▶ [Problem to work on]: Only an exact copy of the entries, stripped of pictures, will serve as the answer.

============

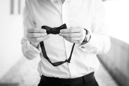 Close-up businessman groom holding bow-tie in his hands. Concept of men stylish elegance clothes
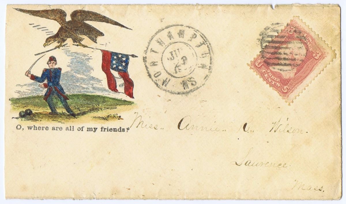 Union cover showing soldier in dress uniform, slicing in two the staff of a 7-star Confederate flag, clutched by an eagle. "O, where are all of my friends?" Handsomely hand-colored. Round 7-bar cancel on Scott #65 rose, attractively affixed at an angle. Black Northampton, Mass. "Jun 23(?)" c.d.s., 1862 or 1863. To Miss Annie R. Wilson, Lawrence, Mass. Old pencil notations on verso, "Lot 408, Apfelbaum" and "Unlisted." Nick at top right edge, uniform ivory toning, very light soiling, else highly suited for display. Excessively rare with postal use.
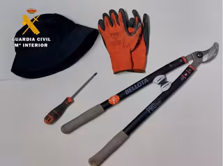 En el momento de la detención, y tras el registro del vehículo, la Guardia Civil localizó en su interior una cizalla de grandes dimensiones y unos guantes utilizados por el autor para la comisión del hecho delictivo.
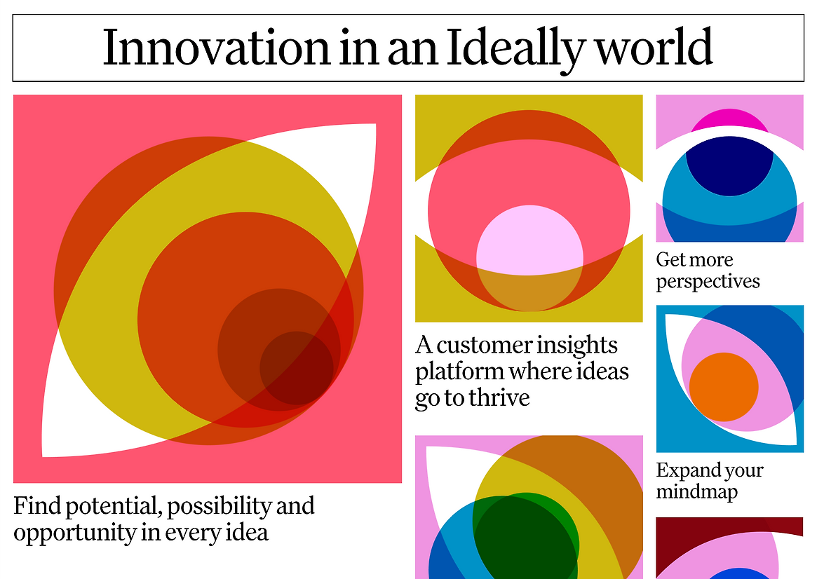 It was vital to have a rich and extensive graphic language, as Ideally is a platform and frame for other ideas and imagery. We needed to have an identity that allowed us to tell many stories, and turn up in social spaces and reports in distinctive and engaging ways.
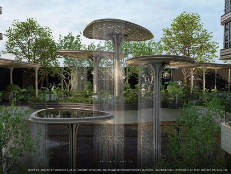 另外,项目地上三分之二的楼栋有架空层,最高层高约4.5米,合计约3000㎡架空层作为泛会所,在室内外交叠过渡的空间中,以自然之景点缀,营造全龄共享的丰盛聚场。
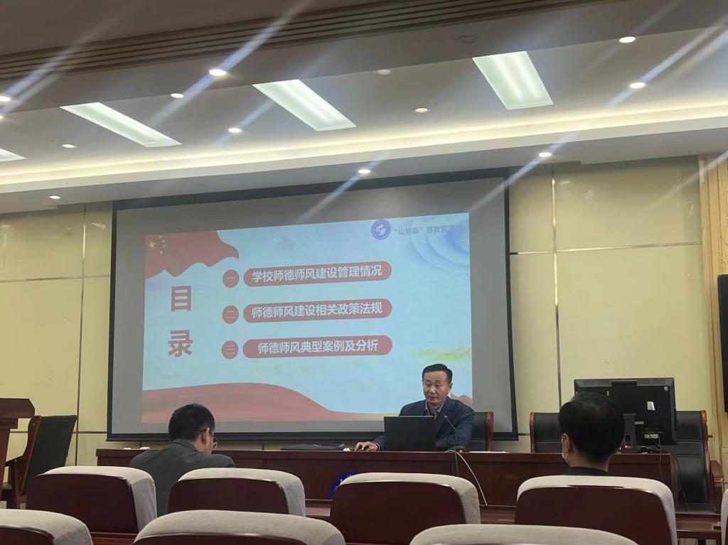 李磊从“公司师德师风建设管理情况”“师德师风建设相关政策法规”“师德师风典型案例及分析”三个方面展开讲解,重点解读了《中华人民共和国教师法》《高等公司教师职业道德规范》《中共中央国务院关于全面深化新时代教师队伍建设改革的意见》《新时代高校教师职业行为十项准则》等文件法规,同时,结合实际案例,对《fun88官网体育师德负面清单及失范行为处理办法(试行)》等公司师德师风建设相关文件进行了剖析。李磊强调,高校教师要坚决拥护党的领导,恪守师德底线,提升自我修养,遵守学术规范,潜心教书育人。
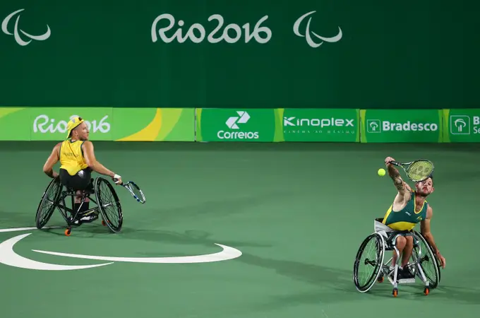 O ténis em cadeira de rodas foi disputado pela primeira vez nos Jogos de Barcelona, em 1992. O jogo segue as regras para pessoas não deficientes, com uma exceção – a bola pode ressaltar duas vezes. A modalidade está aberta a atletas com perda de função permanente ou substancial de uma ou de ambas as pernas.

============

▶ [Output below]:
 Close-up businessman groom holding bow-tie in his hands. Concept of men stylish elegance clothes
 Union cover showing soldier in dress uniform, slicing in two the staff of a 7-star Confederate flag, clutched by an eagle. "O, where are all of my friends?" Handsomely hand-colored. Round 7-bar cancel on Scott #65 rose, attractively affixed at an angle. Black Northampton, Mass. "Jun 23(?)" c.d.s., 1862 or 1863. To Miss Annie R. Wilson, Lawrence, Mass. Old pencil notations on verso, "Lot 408, Apfelbaum" and "Unlisted." Nick at top right edge, uniform ivory toning, very light soiling, else highly suited for display. Excessively rare with postal use.
 En el momento de la detención, y tras el registro del vehículo, la Guardia Civil localizó en su interior una cizalla de grandes dimensiones y unos guantes utilizados por el autor para la comisión del hecho delictivo.
 It was vital to have a rich and extensive graphic language, as Ideally is a platform and frame for other ideas and imagery. We needed to have an identity that allowed us to tell many stories, and turn up in social spaces and reports in distinctive and engaging ways.
 另外,项目地上三分之二的楼栋有架空层,最高层高约4.5米,合计约3000㎡架空层作为泛会所,在室内外交叠过渡的空间中,以自然之景点缀,营造全龄共享的丰盛聚场。
 李磊从“公司师德师风建设管理情况”“师德师风建设相关政策法规”“师德师风典型案例及分析”三个方面展开讲解,重点解读了《中华人民共和国教师法》《高等公司教师职业道德规范》《中共中央国务院关于全面深化新时代教师队伍建设改革的意见》《新时代高校教师职业行为十项准则》等文件法规,同时,结合实际案例,对《fun88官网体育师德负面清单及失范行为处理办法(试行)》等公司师德师风建设相关文件进行了剖析。李磊强调,高校教师要坚决拥护党的领导,恪守师德底线,提升自我修养,遵守学术规范,潜心教书育人。
 O ténis em cadeira de rodas foi disputado pela primeira vez nos Jogos de Barcelona, em 1992. O jogo segue as regras para pessoas não deficientes, com uma exceção – a bola pode ressaltar duas vezes. A modalidade está aberta a atletas com perda de função permanente ou substancial de uma ou de ambas as pernas.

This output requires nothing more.